Korea has launched what officials describe as the country’s first nationwide navigation-integrated alert service for flood-related road closures, notifying drivers in real time through map and navigation apps when underpasses and low-lying roads are shut down due to flooding, along with suggested detour routes.
The service, which began operation in June 2026, responds to a recurring and sometimes deadly hazard during Korea’s summer monsoon season: underpasses and low-lying roads that flood rapidly during intense rainfall, sometimes trapping drivers who enter a closed or flooding section without realizing conditions have changed since they last checked. Previous systems relied more heavily on physical barricades and roadside signage, which can be less effective at preventing drivers from entering a hazard zone if they are already en route before a closure is physically enforced.

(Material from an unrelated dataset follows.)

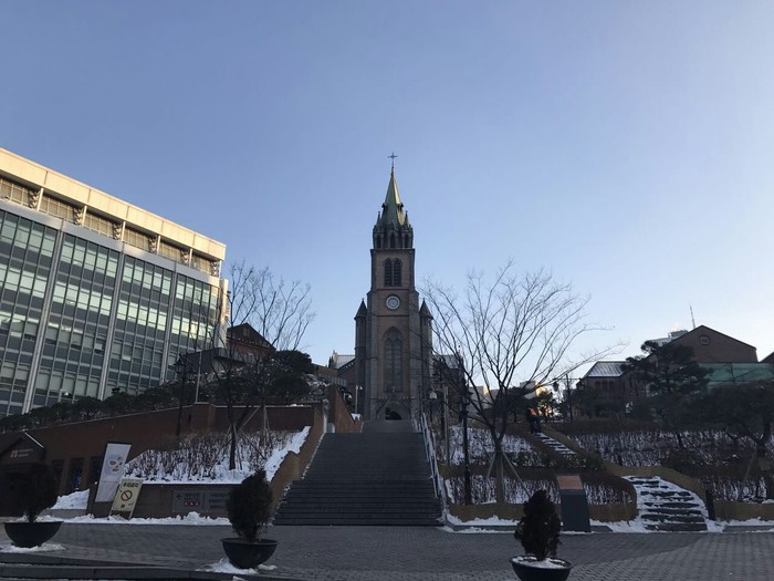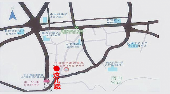 然后去找明洞换钱的地方,[确实有点难找,是在中国领事馆对面(我也找了好久,还定位错了,走到了南山塔附近的中国大使馆,手机都冻到关机了,幸好附近的商店会中文),就是明洞地铁5出口上来往回走有个分岔路,往有人站岗那边走,不是近马路那边,一直走就是了。马路那边有间卖饰品质量还不错,就是有点小贵。]

By integrating closure information directly into navigation software, the new system aims to intercept drivers earlier, ideally before they commit to a route that passes through an area at risk, rather than relying solely on drivers noticing physical barriers once they have already arrived at a flooded section. The approach mirrors similar flood-alert integrations tested in other flood-prone countries, adapted to Korea’s dense urban underpass infrastructure.
With Korea’s monsoon season bringing increasingly intense, concentrated rainfall events in recent years, a pattern climate researchers link to broader shifts in regional weather patterns, officials have framed the new alert system as a necessary infrastructure upgrade rather than a one-off pilot, with plans to expand coverage across the country’s underpass network in the coming years.